Jawar himself has been extremely weakened by the strike he launched on January 27 and has since developed unspecified kidney problems, according to his lawyer.

The Ethiopian Human Rights Commission (EHRC) last week said it had visited the defendants and confirmed they were on hunger strike.

“Very close supervision is required to prevent any grave threat to their health and life,” Daniel Bekele, EHRC chief commissioner, said in a statement, adding that “reasonably justified demands of the prisoners must be addressed”.

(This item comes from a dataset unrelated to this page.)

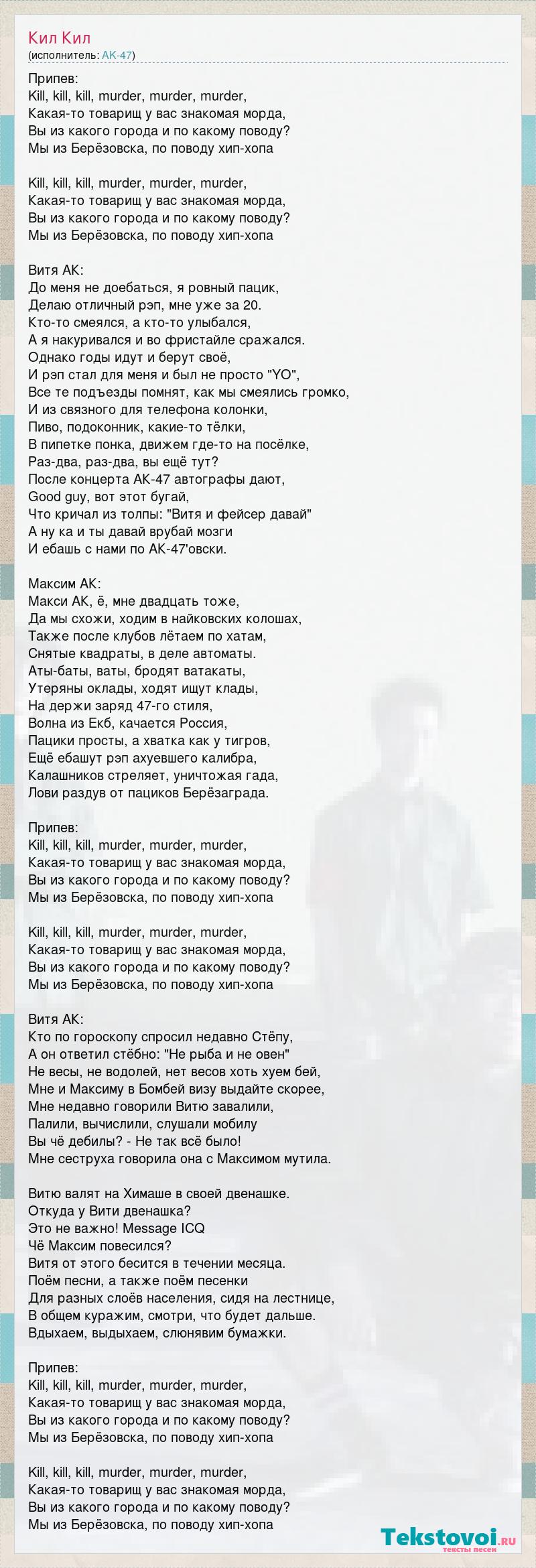 Припев: Kill, kill, kill, murder, murder, murder, Какая-то товарищ у вас знакомая морда, Вы из какого города и по какому поводу? Мы из Берёзовска, по поводу хип-хопа Kill, kill, kill, murder, murder, murder, Какая-то товарищ у вас знакомая морда, Вы из какого города и по какому поводу? Мы из Берёзовска, по поводу хип-хопа Витя АК: До меня не доебаться, я ровный пацик, Делаю отличный рэп, мне уже за 20. Кто-то смеялся, а кто-то улыбался, А я накуривался и во фристайле сражался. Однако годы идут и берут своё, И рэп стал для меня и был не просто "YO", Все те подъезды помнят, как мы смеялись громко, И из связного для телефона колонки, Пиво, подоконник, какие-то тёлки, В пипетке понка, движем где-то на посёлке, Раз-два, раз-два, вы ещё тут? После концерта АК-47 автографы дают, Good guy, вот этот бугай, Что кричал из толпы: "Витя и фейсер давай" А ну ка и ты давай врубай мозги И ебашь с нами по АК-47'овски. Максим АК: Макси АК, ё, мне двадцать тоже, Да мы схожи, ходим в найковских колошах, Также после клубов лётаем по хатам, Снятые квадраты, в деле автоматы. Аты-баты, ваты, бродят ватакаты, Утеряны оклады, ходят ищут клады, На держи заряд 47-го стиля, Волна из Екб, качается Россия, Пацики просты, а хватка как у тигров, Ещё ебашут рэп ахуевшего калибра, Калашников стреляет, уничтожая гада, Лови раздув от пациков Берёзаграда. Припев: Kill, kill, kill, murder, murder, murder, Какая-то товарищ у вас знакомая морда, Вы из какого города и по какому поводу? Мы из Берёзовска, по поводу хип-хопа Kill, kill, kill, murder, murder, murder, Какая-то товарищ у вас знакомая морда, Вы из какого города и по какому поводу? Мы из Берёзовска, по поводу хип-хопа Витя АК: Кто по гороскопу спросил недавно Стёпу, А он ответил стёбно: "Не рыба и не овен" Не весы, не водолей, нет весов хоть хуем бей, Мне и Максиму в Бомбей визу выдайте скорее, Мне недавно говорили Витю завалили, Палили, вычислили, слушали мобилу Вы чё дебилы? - Не так всё было! Мне сеструха говорила она с Максимом мутила. Витю валят на Химаше в своей двенашке. Откуда у Вити двенашка? Это не важно! Message ICQ Чё Максим повесился? Витя от этого бесится в течении месяца. Поём песни, а также поём песенки Для разных слоёв населения, сидя на лестнице, В общем куражим, смотри, что будет дальше. Вдыхаем, выдыхаем, слюнявим бумажки. Припев: Kill, kill, kill, murder, murder, murder, Какая-то товарищ у вас знакомая морда, Вы из какого города и по какому поводу? Мы из Берёзовска, по поводу хип-хопа Kill, kill, kill, murder, murder, murder, Какая-то товарищ у вас знакомая морда, Вы из какого города и по какому поводу? Мы из Берёзовска, по поводу хип-хопа

A court hearing was cancelled last week due to the defendants being too weak to attend. It came as the youth took to the streets of several cities including Ambo and Dire Dawa to protest against the continued detention of the Oromo leaders, with a number of injuries and at least one death reported.

“We are asking for the releases of our political leaders,” Yeroon Tolassa, a student activist who attended last week’s protests, told Al Jazeera from Ethiopia’s capital, Addis Ababa. “Our political leaders and activists are jailed in the thousands.”

It was on the back of popular uprisings that first ignited among the ethnic Oromo, who constitute about a third of Ethiopia’s 112 million people, that Abiy Ahmed ascended to the Ethiopian premiership in April 2018. Promising to rid the state of its repressive nature, Abiy – Ethiopia’s first Oromo prime minister – ordered the release of thousands of political prisoners, promised free and fair elections and later won the Nobel Peace Prize for his landmark restoration of ties with neighbouring Eritrea, with whom Ethiopia fought a bloody border war between 1998 and 2000.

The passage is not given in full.